The full im­ple­men­ta­tion of the eval­u­a­tion in­ter­preter is avail­able with the code ex­am­ples to this ar­ti­cle. Here I will only show the im­ple­men­ta­tion of IfLang and LambdaLang as those are the only ones that differ sig­nif­i­cantly from the pre­vious AddLang im­ple­men­ta­tion.

instance IfLang Eval where
    if_ cond then_ else_ = Eval $ if (eval cond)
                                    then (eval then_)
                                    else (eval else_)

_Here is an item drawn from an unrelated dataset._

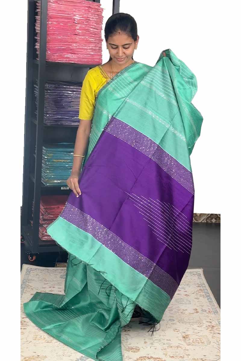 Raw Silk Sarees With Sequin Work | Aqua Mint + Purple
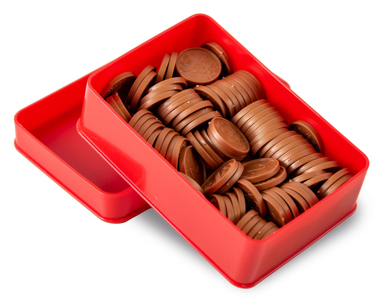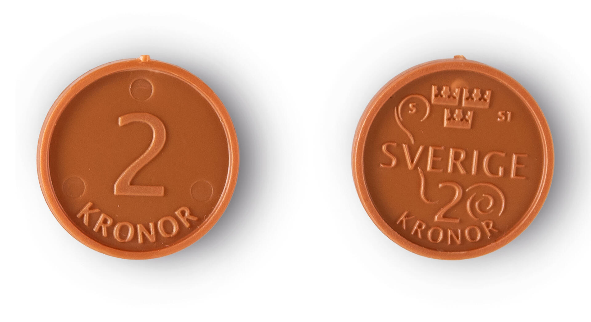 Samma diameter som riktiga mynt, men med större tjocklek. Av PP, PVC-fri.

instance LambdaLang Eval where
    lam f = Eval $ eval . f . Eval
    ap = (<*>)

Note, that we are placing the burden of type-checking and name-binding on the host lan­guage (Haskell). Haskell’s type-checker pro­hibits us from ac­ci­den­tally adding a Boolean value to an in­te­ger. It is also im­pos­sible to write a func­tion that refers to a non-ex­is­tent ar­gu­ment.

As a simple ex­ample we will con­sider a func­tion that takes a number \(n\) and checks whether that number ful­fills the equa­tion \(n^2 = 5^2\).

-- type can be inferred (constraints omitted)
fun :: repr (Int -> Bool)
fun = lam (\n -> (n `mul` n) `eq` (int 5 `mul` int 5))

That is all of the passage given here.